***** Dataset section
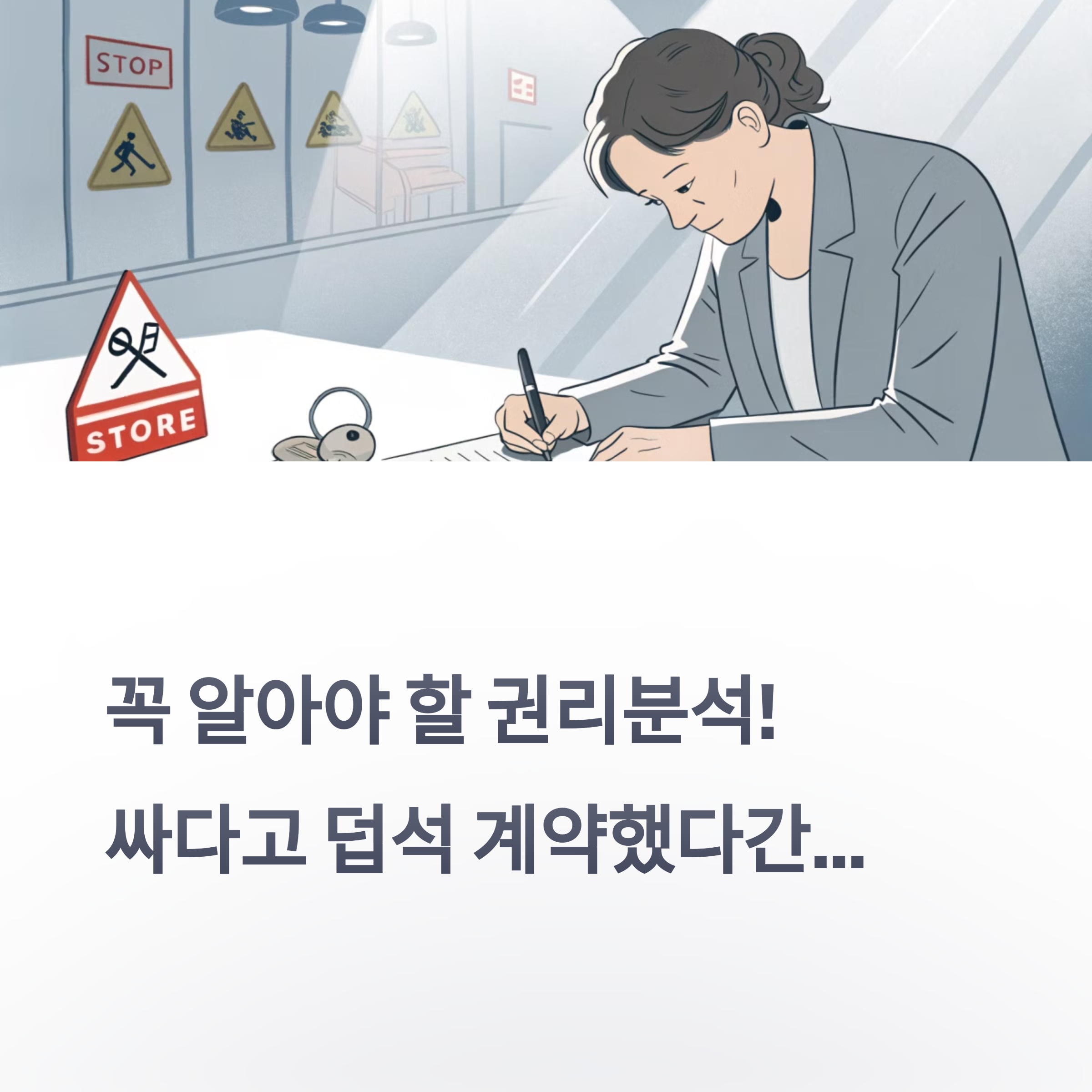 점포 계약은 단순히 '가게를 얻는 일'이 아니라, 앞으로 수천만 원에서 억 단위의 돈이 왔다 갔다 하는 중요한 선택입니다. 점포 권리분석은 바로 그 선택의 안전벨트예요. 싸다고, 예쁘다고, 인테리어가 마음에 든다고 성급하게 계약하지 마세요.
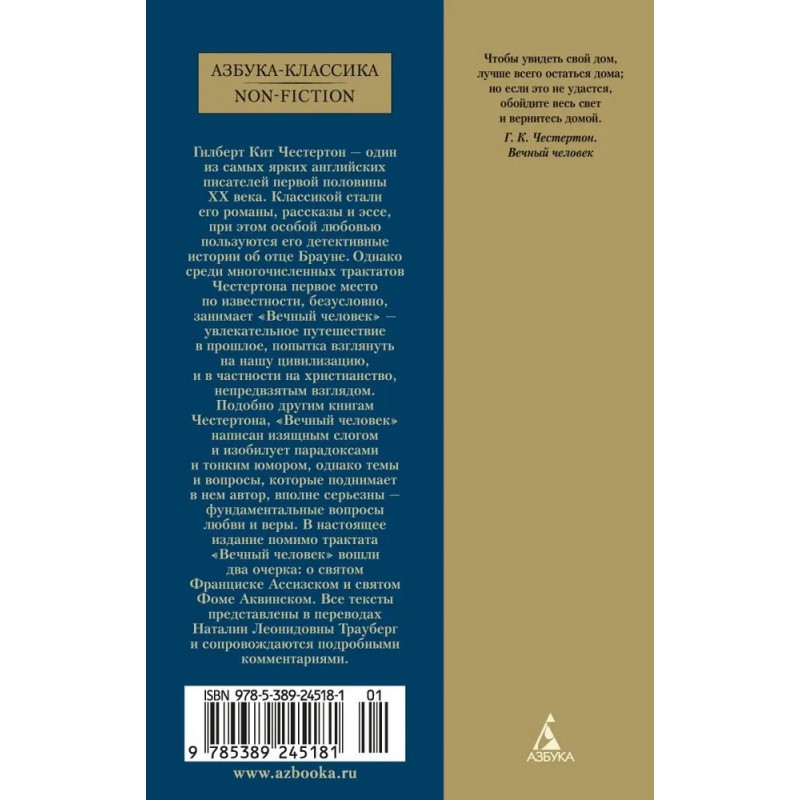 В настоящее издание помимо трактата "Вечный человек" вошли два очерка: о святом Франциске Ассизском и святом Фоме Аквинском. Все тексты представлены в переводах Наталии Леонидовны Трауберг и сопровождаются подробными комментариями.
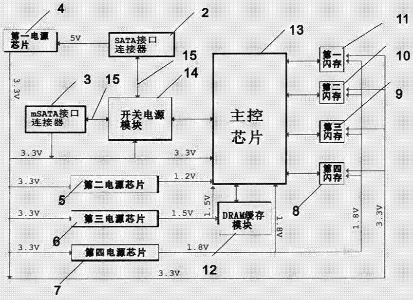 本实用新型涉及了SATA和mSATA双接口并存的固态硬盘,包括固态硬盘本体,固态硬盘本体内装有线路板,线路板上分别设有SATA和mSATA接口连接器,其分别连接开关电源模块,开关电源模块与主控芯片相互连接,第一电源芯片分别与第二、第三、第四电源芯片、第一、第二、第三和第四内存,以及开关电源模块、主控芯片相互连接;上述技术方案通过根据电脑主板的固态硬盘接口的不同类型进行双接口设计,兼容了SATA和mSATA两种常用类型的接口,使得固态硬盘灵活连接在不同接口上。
**********
→ **Brief**: Without the pictures, copy the material exactly as given.

→ **Result below**:
 점포 계약은 단순히 '가게를 얻는 일'이 아니라, 앞으로 수천만 원에서 억 단위의 돈이 왔다 갔다 하는 중요한 선택입니다. 점포 권리분석은 바로 그 선택의 안전벨트예요. 싸다고, 예쁘다고, 인테리어가 마음에 든다고 성급하게 계약하지 마세요.
 В настоящее издание помимо трактата "Вечный человек" вошли два очерка: о святом Франциске Ассизском и святом Фоме Аквинском. Все тексты представлены в переводах Наталии Леонидовны Трауберг и сопровождаются подробными комментариями.
 本实用新型涉及了SATA和mSATA双接口并存的固态硬盘,包括固态硬盘本体,固态硬盘本体内装有线路板,线路板上分别设有SATA和mSATA接口连接器,其分别连接开关电源模块,开关电源模块与主控芯片相互连接,第一电源芯片分别与第二、第三、第四电源芯片、第一、第二、第三和第四内存,以及开关电源模块、主控芯片相互连接;上述技术方案通过根据电脑主板的固态硬盘接口的不同类型进行双接口设计,兼容了SATA和mSATA两种常用类型的接口,使得固态硬盘灵活连接在不同接口上。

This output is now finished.